マルジアはその通りだと言わんばかりに身体を丸め、全身を噂の強固な皮膚で覆うとその場でものすごい勢いで転がり始めた。そして……。
「マルゥゥゥッ!!」
力が溜まり切ると一気に解放、自らを砲弾として発射した!
「皆さん避けて!!」
ドゴオォォォォッ!!
アンミツの声に合わせて、全員散り散りに回避。ターゲットを失ったマルジアは彼らの背後にあった木に激突し、それを難なくへし折った。
「マジで中々の威力だな……!」
「ええ、当たったら骸装機を装着していてもかなりのダメージを受けると思います。そして……」
「マルゥゥゥゥゥゥッ……!!」
「どうしても彼はワタシ達を痛めつけたいようです」
ギュルウゥゥゥゥゥゥッ!!
辟易する関敦の前で、マルジアは再び高速回転、エネルギーをチャージし始めた。
「何が気に食わなかったが知らんが、お前さんのストレス発散に付き合っている義理はない。
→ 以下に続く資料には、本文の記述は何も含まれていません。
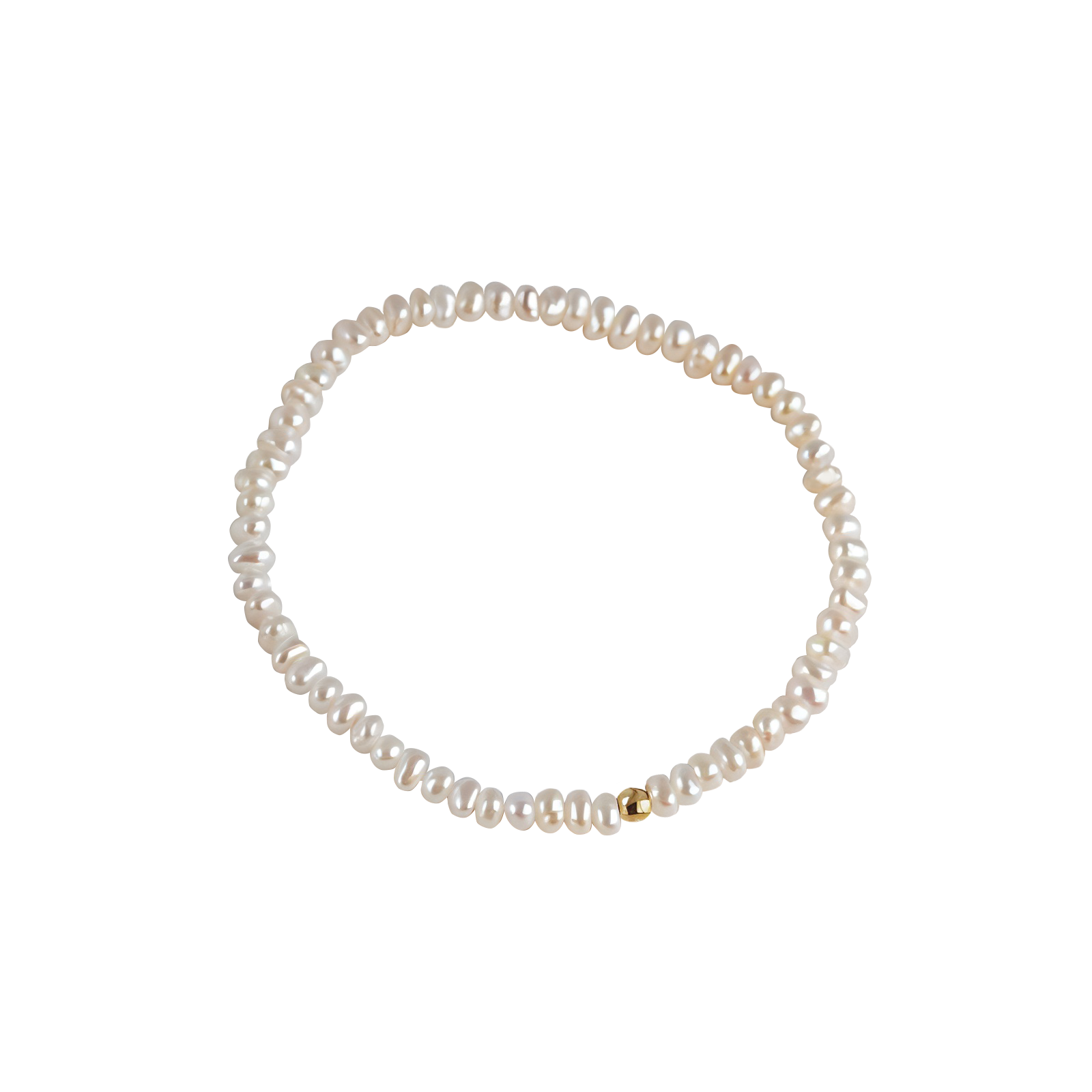 A quiet nod to the ocean, the Minimalist Freshwater Pearl Bracelet is made from genuine 3mm–4mm freshwater pearls, each with its own organic shape and soft, natural luster. Finished with a single gold-toned accent bead, this piece is designed for easy, slip-on wear—no clasp needed.

ぐるぐる転がってる間にオレ達はおさらばさせてもらうぜ!」
スピディアーがこうしちゃおれんとマルジアに背を向け、逃げようとすると、他のメンバーもそれに倣った。
たった一人、狻猊を除いて……。
「……おい!狻猊!何をしている!?さっさとずらかるぞ!!」
「…………」
バンビの声は狻猊の聴覚センサーを通し、リンゴに届いたが、彼はそれを右から左に聞き流した。
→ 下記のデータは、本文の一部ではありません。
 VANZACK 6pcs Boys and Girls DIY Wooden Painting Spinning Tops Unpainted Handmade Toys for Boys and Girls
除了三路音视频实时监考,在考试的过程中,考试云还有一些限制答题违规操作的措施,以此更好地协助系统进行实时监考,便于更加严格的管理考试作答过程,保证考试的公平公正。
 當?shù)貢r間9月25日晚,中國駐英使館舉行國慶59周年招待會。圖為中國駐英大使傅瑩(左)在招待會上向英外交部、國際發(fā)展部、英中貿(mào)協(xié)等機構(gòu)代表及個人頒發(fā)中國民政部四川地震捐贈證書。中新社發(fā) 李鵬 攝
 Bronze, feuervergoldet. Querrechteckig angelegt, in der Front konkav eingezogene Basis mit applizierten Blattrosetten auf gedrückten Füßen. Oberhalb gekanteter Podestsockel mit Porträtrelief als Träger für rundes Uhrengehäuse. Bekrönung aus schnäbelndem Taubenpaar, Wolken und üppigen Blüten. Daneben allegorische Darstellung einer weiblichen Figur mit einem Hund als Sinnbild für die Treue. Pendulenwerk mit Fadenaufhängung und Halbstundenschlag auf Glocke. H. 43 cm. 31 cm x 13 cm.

今、彼の心を支配しているのは、マルジアの最大の武器であり、盾でもある強靭な皮膚と、ムーアクラフトの語ったもう一人の聖王覇獣拳の使い手のことであった。
(自分が試行錯誤して技を解除させて倒したムーアクラフトを、技ごと倒したという正体不明の聖王覇獣拳使い……奴ならきっとこいつも……!!)
さらに記憶を遡り、拳幽会と初めて会った日のことを思い出す。
(……多分そいつなら卞士仁に関節を外されながらもそのまま打撃でKOできたはず……このオレが聖王覇獣拳の威力で負けているなど……認めてなるものか……!!)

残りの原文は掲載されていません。